Both vulnerability identification and exploit writing are learnable skills, but with niche barriers to entry. Most programmers, myself included, are not good vulnerability hunters and are even worse exploit writers. People who are good at (and enjoy!) writing exploits tend to be people who like puzzles. To be a good exploit writer, you need to be a particular type of puzzle solver and understand low-level programming details. Both of these skills are completely learnable without any real barriers to entry. But, most people don’t like doing puzzles, and even fewer of them enjoy doing puzzles and reading low-level machine code.
For most people learning to program, instead of learning low-level programming to solve the types of problems and puzzles that appear as part of exploit writing, most programmers learn instead how to build things. This is not to say that building and exploiting are mutually exclusive skills. However, building tends to be a more enjoyable path for most people. And so the set of people who actually put in the work to become very good at bug hunting and exploit writing is much smaller than the set of people who are good at low-level programming.
For better or for worse, AI is good at puzzle-solving and low-level programming, and so AI seems to be a good vulnerability researcher. This is not because AI is doing anything we didn’t already know how to do, it just has the patience for a specific type of problem that many people hate. I work in security and I am both bad at exploit-writing and don’t enjoy it. I also don’t like puzzles. I much prefer building systems to solve the general case. Current AI coding agents do not have this preference and will work on anything for as long as you have the budget for tokens.

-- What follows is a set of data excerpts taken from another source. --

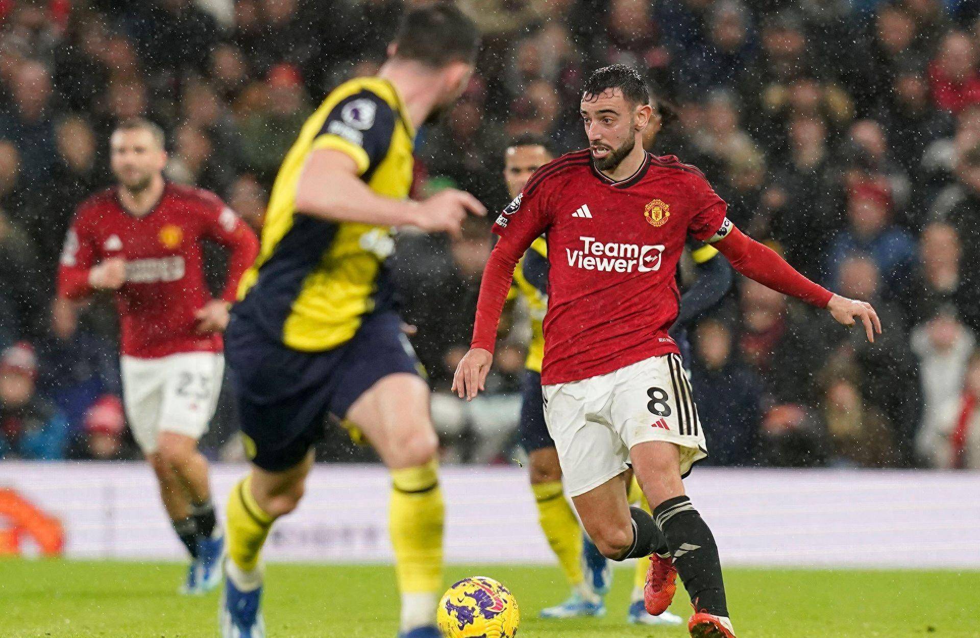 比赛伊始,曼联就展现出主场作战的侵略性。开场2分钟,B费禁区内抽射打在防守队员手臂上,主裁未作表示的判罚,为比赛埋下了争议伏笔。第8分钟,姆贝莫下底传中制造威胁,芒特的凌空抽射被对方门将奋力挡出,曼联错失改写比分的良机。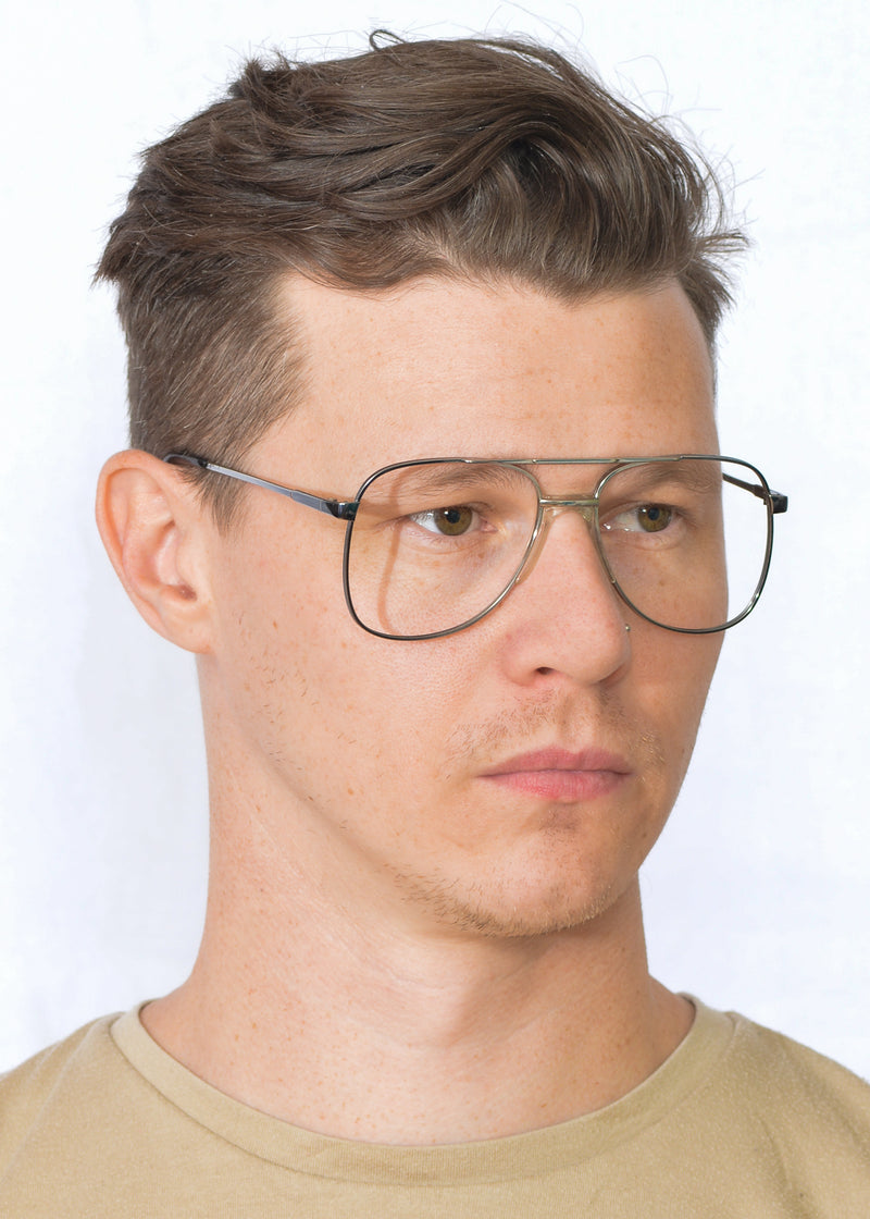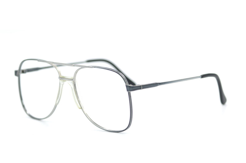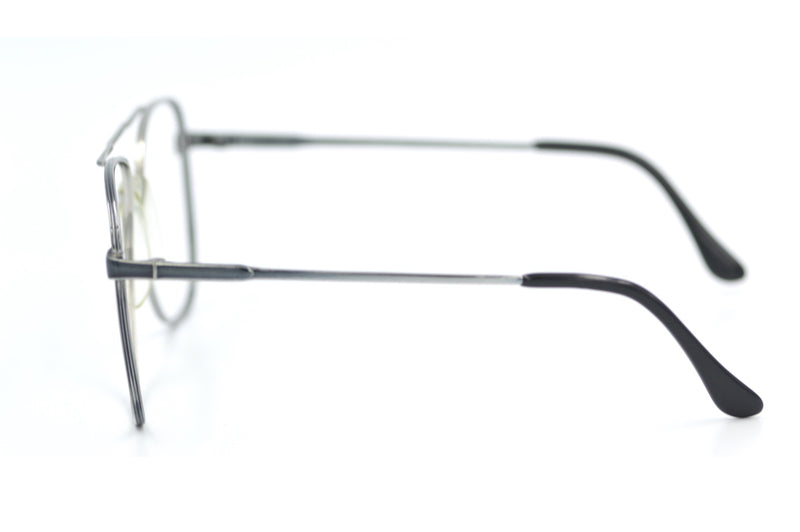 Böher 179 is an 80s oversized vintage aviator manufactured in Germany. Fitted with a comfort bridge, the weight is distributed evenly across the bridge, enhancing comfort. The metal frame has a gun metal to silver fade, which is present on the front and temporal sides, with intentional ageing. New unworn stock.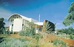 The front window to the arts portion of the centre is a massive, locally made, stained glass work of art which was designed by Wenten Rubuntja and based on his painting Arrernte Country (1987).[2][3]
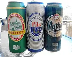 Olympic Brewery[30] Sindos Mythos, Henninger Kaiser Double Malt, Henninger Kaiser Blonde, Mythos Red, Mythos Radler, Golden Lager, Spartan, Aegean, Aris, Henninger Lager, Elomas, Zythia, Ey Zython, Mythos Ice, Mythology Lager, El Beer, Beeroni 1968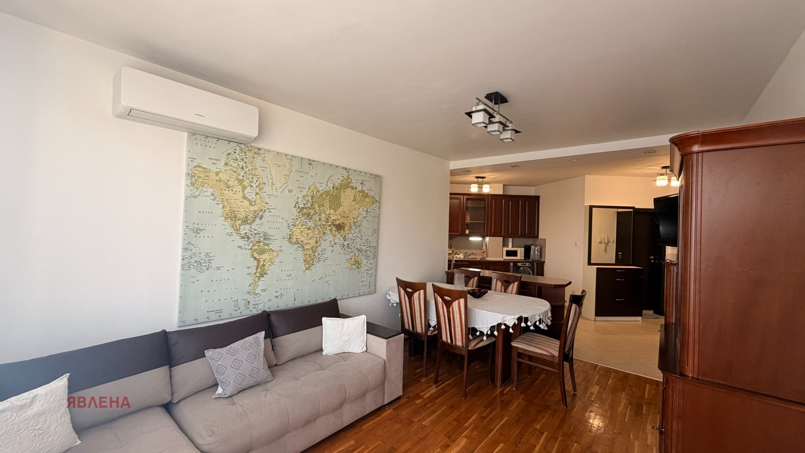 Апартаментът е напълно обзаведен и оборудван с всички необходими мебели и електроуреди.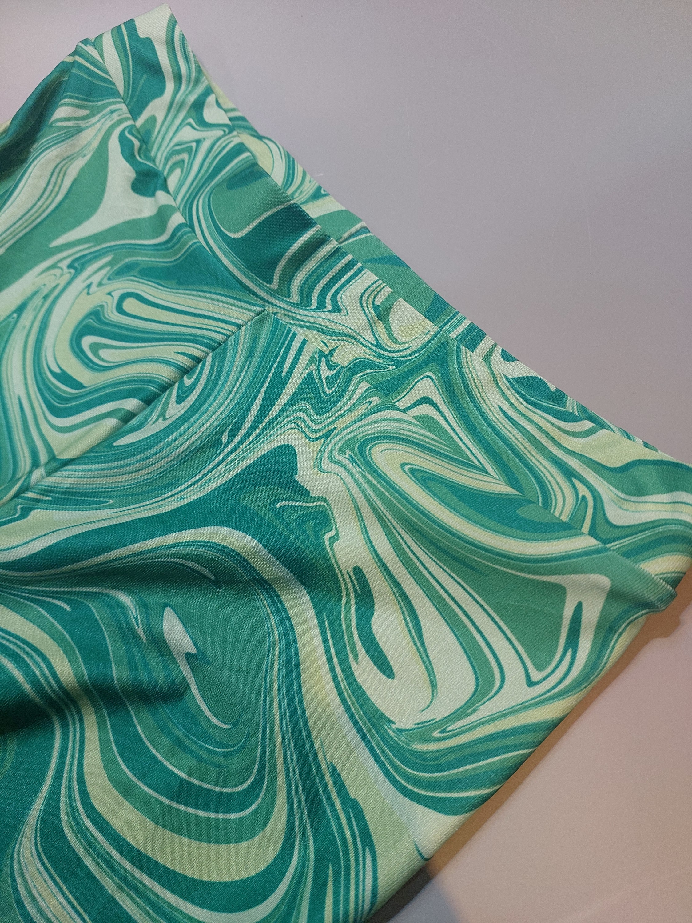طراحی و طرح: طرحدار با نقوش انتزاعی و هنری (شبیه به سنگ مرمر/Marble) در طیف رنگی سبز و ترکیبی.

AI coding agents have been good at bug hunting for a while. Mythos appears to be better at leveraging those bugs by actually writing exploits. But Mythos is not magically breaking into computers in a way we could not before, it is providing the attention needed to do the same security work we’ve been doing for years.
This is not to downplay the importance of AI or to suggest that AI bug hunting is fake. This is to contextualize what it means when someone goes on video and pontificates about how the AI are chaining novel vulnerabilities together. That is simply how hacking works. What’s new is that vulnerability research can now (somewhat) automated.
There’s another step, after writing an exploit, which is actually operationalizing the exploit and using it to achieve some goal. This is the difference between knowing how to play ball, and actually winning in a competitive game. Real-world exploitation has broadly not been supply bound. There’s been enough bugs in software that the people who are actually operationalizing exploits (law enforcement and state-level adversaries, mostly) have not been supply-bound. AI finding more bugs increases supply, but it’s not clear (yet) that it increases demand for computer network exploitation. Perhaps we’ll see a Jevons paradox, and demand will increase. But that hasn’t happened yet. Society seems to be working. Most people with the vulnerability research expertise to operationalize exploits choose to do so lawfully within the defense industry (or they got sidetracked into becoming a high-earning engineer), rather than choosing to pursue a life of crime.
Because hacking is just bugs, that means we have a good defense against hacking—don’t have bugs. This is certainly easier said than done, but the vast majority of exploitable vulnerabilities are due to a specific class of vulnerabilities—memory-safety bugs—which we do know how to systematically prevent. Unfortunately, this requires a lot of work, but you won’t patch yourself out of a vulnpocalypse if you’re one of the software projects where memory safety actually matters.